Skema bantuan ini akan diintegrasikan dengan kuota beasiswa yang telah ditetapkan Kementerian Kesehatan, yakni 20 persen dari total mahasiswa Poltekkes. Pemprov Sumut berupaya menambah porsinya hingga 50 persen dengan memanfaatkan fasilitas daerah.
"Kami sebagai pemerintah daerah yang punya masyarakatnya, kami memberikan fasilitas kepada masyarakatnya agar bisa menikmati fasilitas kementerian ini. Nah target kita 50 persen, mudah-mudahan bisa kita kasih melalui beasiswa," kata Bobby.
Perhatian gubernur ini disambut antusias para mahasiswa. Destin Murni Laoli, mahasiswi tingkat III yang sempat mengambil cuti kuliah karena kesulitan biaya, mengaku terbantu dengan adanya kepastian bantuan ini.
Anak pertama dari tiga bersaudara ini bercerita kondisi ekonomi keluarganya semakin berat setelah sang ibu sakit. Ia berharap beasiswa tersebut bisa membuatnya menyelesaikan pendidikan tepat waktu.
"Saya senang sekali bertemu dengan Bapak Bobby. Beliau sangat membantu saya pembiayaan uang kuliah kami. Perasaan saya sangat senang sekali, terima kasih Bapak Bobby atas bantuannya," ujar Destin.
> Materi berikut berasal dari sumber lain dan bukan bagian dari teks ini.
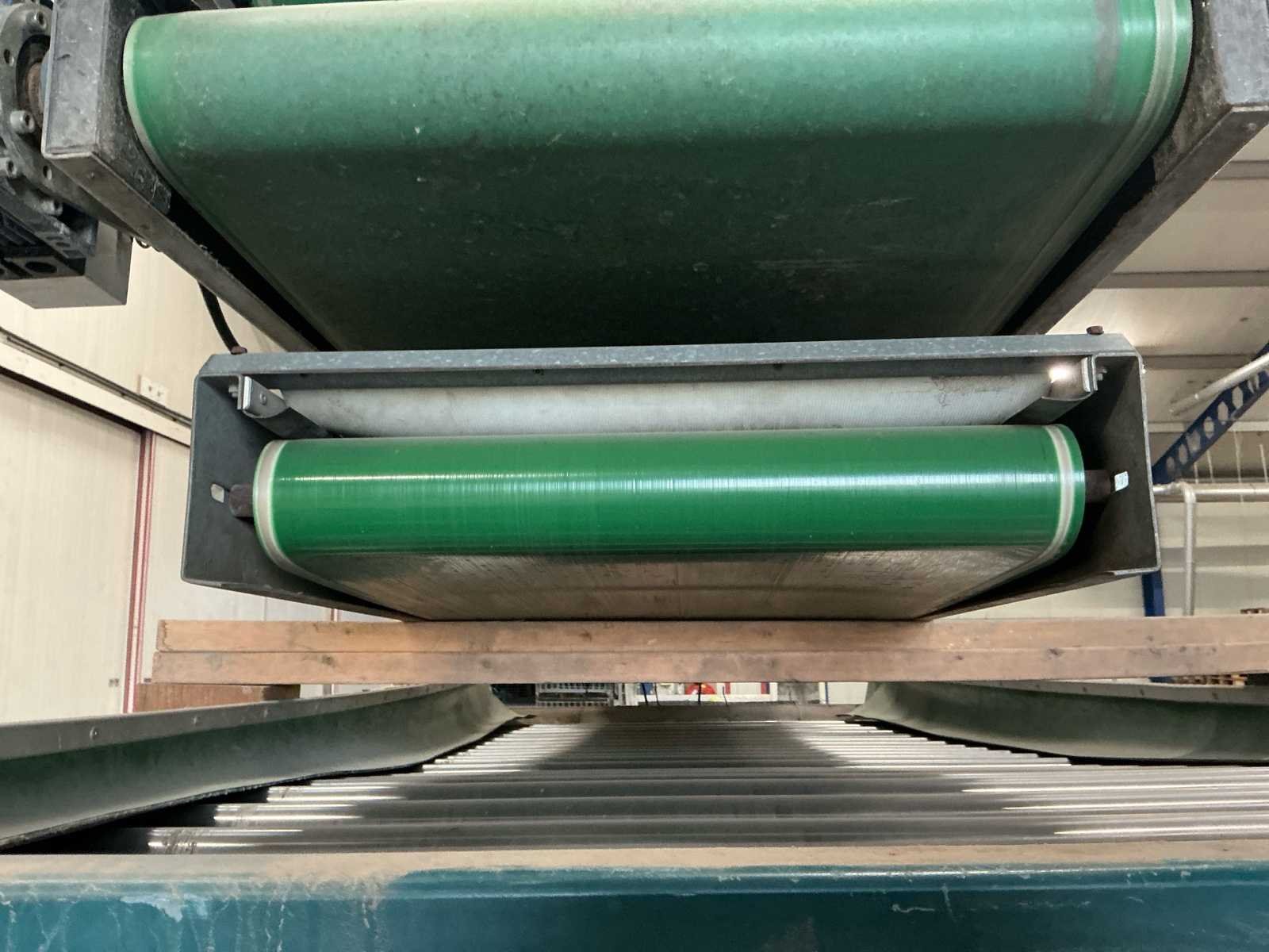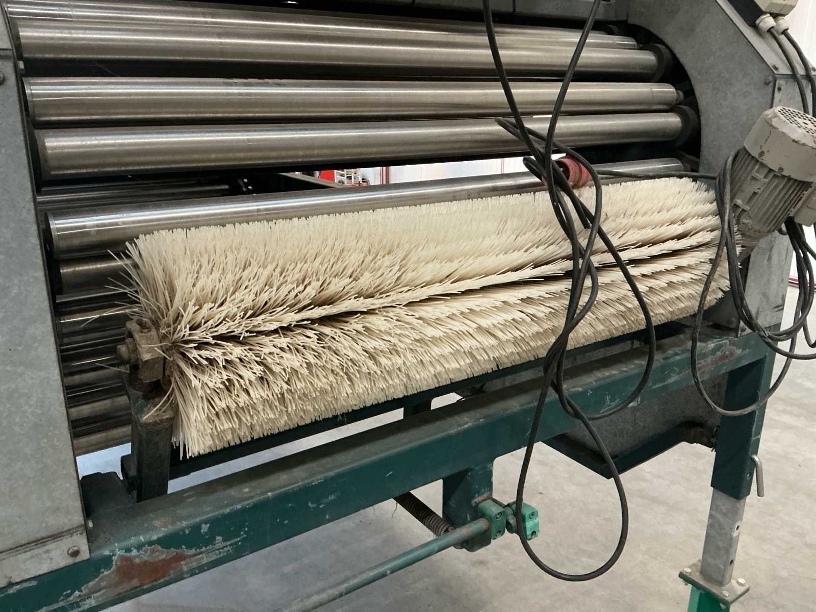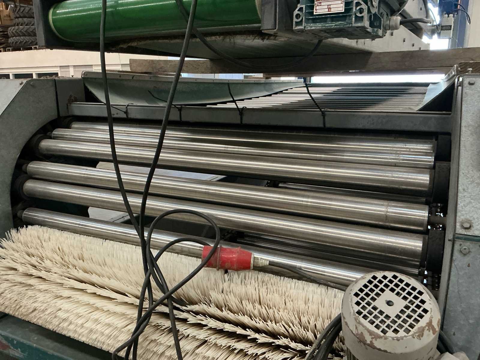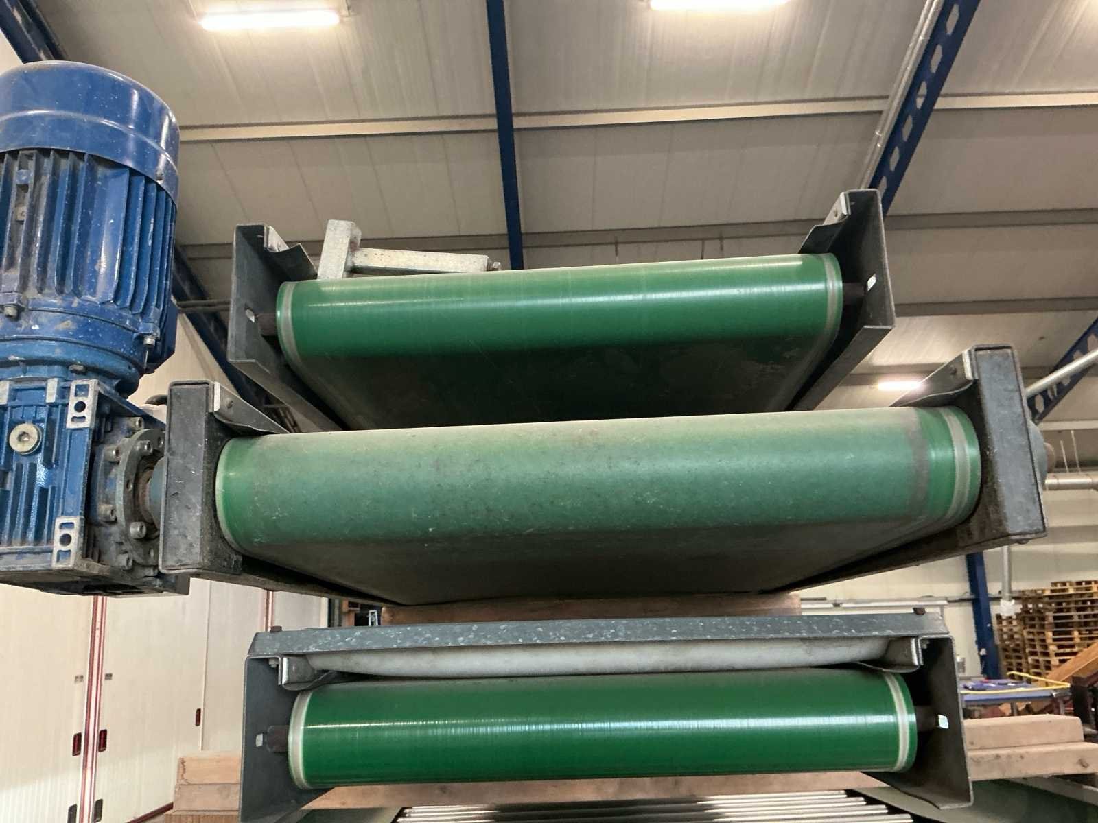 Lopers breedte (rollen) 1200mm; doorlaat variabel instelbaar 6mm tot 70mm; afvoerbanden 600mm breed; 3x 3M afvoerbanden; 6 standaarden voor de rollen; 220v frequentie regeling; 380V voor de afvoerbanden Nee Merk: Allround Type: R120-57 Bouwjaar: 1998 Aansluiting: 220V Totale afmeting L: 3800mm Totale afmeting Breedte: 1750mm Totale afmeting Hoogte: 2000mm

Persoalan biaya pendidikan selama ini menjadi salah satu penghambat utama lahirnya tenaga kesehatan lokal di Kepulauan Nias. Padahal, ketersediaan perawat dan bidan dari putra daerah dinilai krusial untuk memperkuat layanan kesehatan di gugusan pulau yang terpisah dari daratan Sumatera itu.
Dengan adanya intervensi pembiayaan dari Pemprov Sumut, diharapkan angka putus kuliah bisa ditekan dan regenerasi tenaga kesehatan di fasilitas-fasilitas kesehatan setempat berjalan berkelanjutan.